Type your answer here (this is a written answer, use markdown syntax as necessary).


### Task 18: A discussion of the hyperparameters you fine-tuned and their impact on the performance of the federated learning algorithm [5 points]

In [None]:
# Type any supporting code here

Type your answer here (this is a written answer, use markdown syntax as necessary).

### Task 19: Implement the aggregator using a Solidity smart contract. [10 points]
You must write Solidity code to get full points for this question.

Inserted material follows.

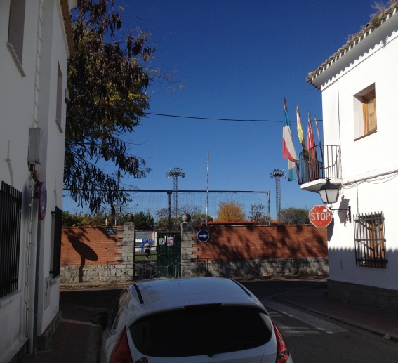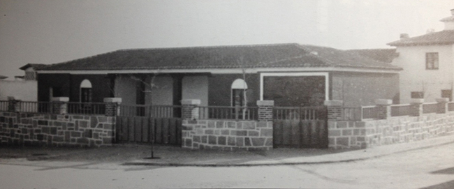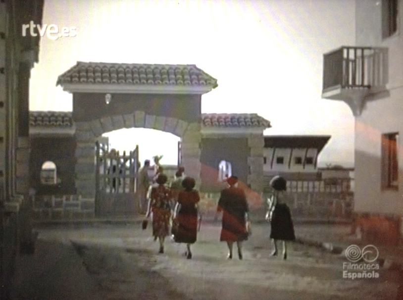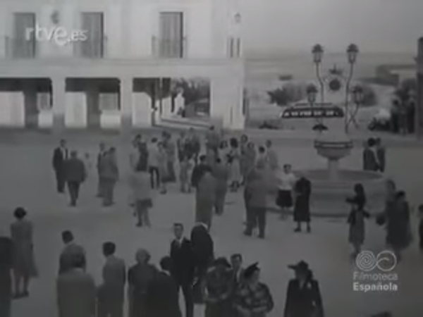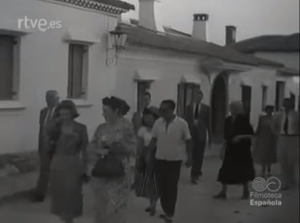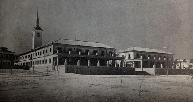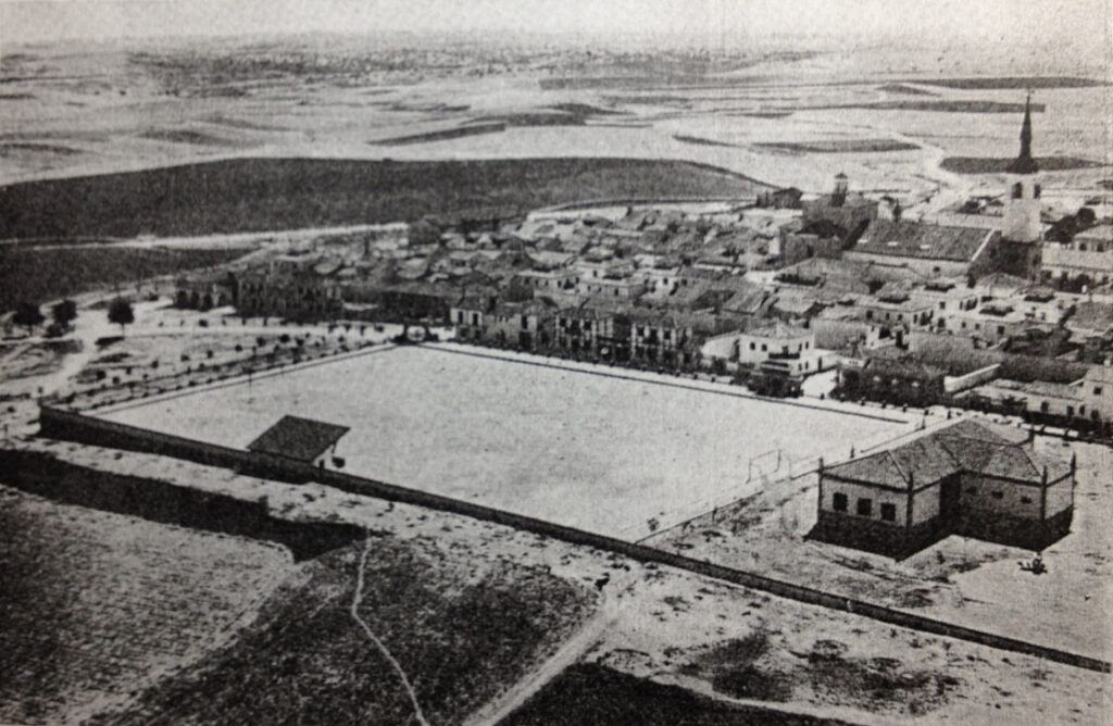 Fotografia tomada desde la portada del campo de deportes y grupo escolar, el día de la inauguración se aprecia a la derecha lo que inicialmente fue centro de salud con hall en arcos abierto a modo de porche que posteriormente se modificó varias veces hasta ser en la actualidad la entrada a la biblioteca.

The contract should be syntactically correct (i.e., compile).

Some Hints: 
* Create structs for the Participants (i.e., clients) and Global Model (i.e., the server). 
* Some useful functions to include in the smart contract: addParticipant, updateParticipantParameters, aggregate
* The `aggregate` function should aggregate the model parameters from all the participants, and you are welcome to utilize any relevant algorithm for this purpose.

Since the code is in Solidity, place it inside the markdown cell in the "javascript" environment.

```javascript
//Type your code here. 
```


### Task 20: Deploying and using the aggregator smart contract. [5 points]
Please describe the steps you would take to deploy the smart contract you developed above on an Ethereum test network (you need not deploy the contract). How would the participants/clients interact with the smart contract?

Type your answer here (this is a written answer, use markdown syntax as necessary).